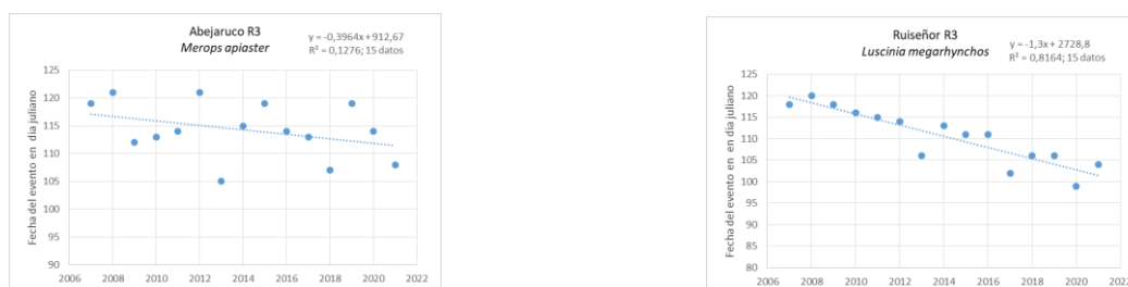
Figura 3 - Rectas de regresión y coeficientes de determinación para el estadio R3 obtenidas a partir de 15 años de datos, abejaruco (izquierda) y ruiseñor (derecha).

En la Figura 2 se muestran los resultados obtenidos para el estudio del inicio de la brotación de las hojas (07) de Malus domestica (manzano) y de Populus nigra (chopo negro o álamo negro). Ambos eventos muestran una ligera tendencia al retraso con una R^2 de 12,20 % (ligera) y un p-valor de 0,07, en el caso del manzano y una R^2 del 12,54 % (ligera) y un p-valor de 0,07, en el caso del chopo o álamo negro.
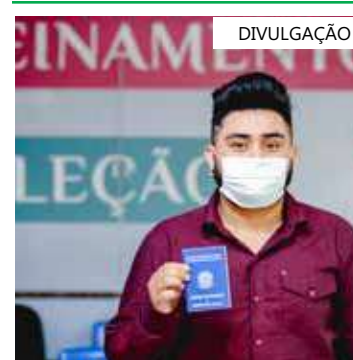
Atendimento ocorre de 8h às 16h, nos postos do Sine Manaus

Os interessados devem estar munidos do comprovante de vacinação (Covid-19), currículo e documentos pessoais (RG, CPF, PIS, CTPS, comprovante de escolaridade e residência). Não é necessário apresentar cópias, somente os documentos originais.

.....

* **TASK INSTRUCTIONS**
Without including any pictures, copy every line above exactly.

* **RESPONSE TO THE EXERCISE**
Figura 3 - Rectas de regresión y coeficientes de determinación para el estadio R3 obtenidas a partir de 15 años de datos, abejaruco (izquierda) y ruiseñor (derecha).

En la Figura 2 se muestran los resultados obtenidos para el estudio del inicio de la brotación de las hojas (07) de Malus domestica (manzano) y de Populus nigra (chopo negro o álamo negro). Ambos eventos muestran una ligera tendencia al retraso con una R^2 de 12,20 % (ligera) y un p-valor de 0,07, en el caso del manzano y una R^2 del 12,54 % (ligera) y un p-valor de 0,07, en el caso del chopo o álamo negro.
Atendimento ocorre de 8h às 16h, nos postos do Sine Manaus

Os interessados devem estar munidos do comprovante de vacinação (Covid-19), currículo e documentos pessoais (RG, CPF, PIS, CTPS, comprovante de escolaridade e residência). Não é necessário apresentar cópias, somente os documentos originais.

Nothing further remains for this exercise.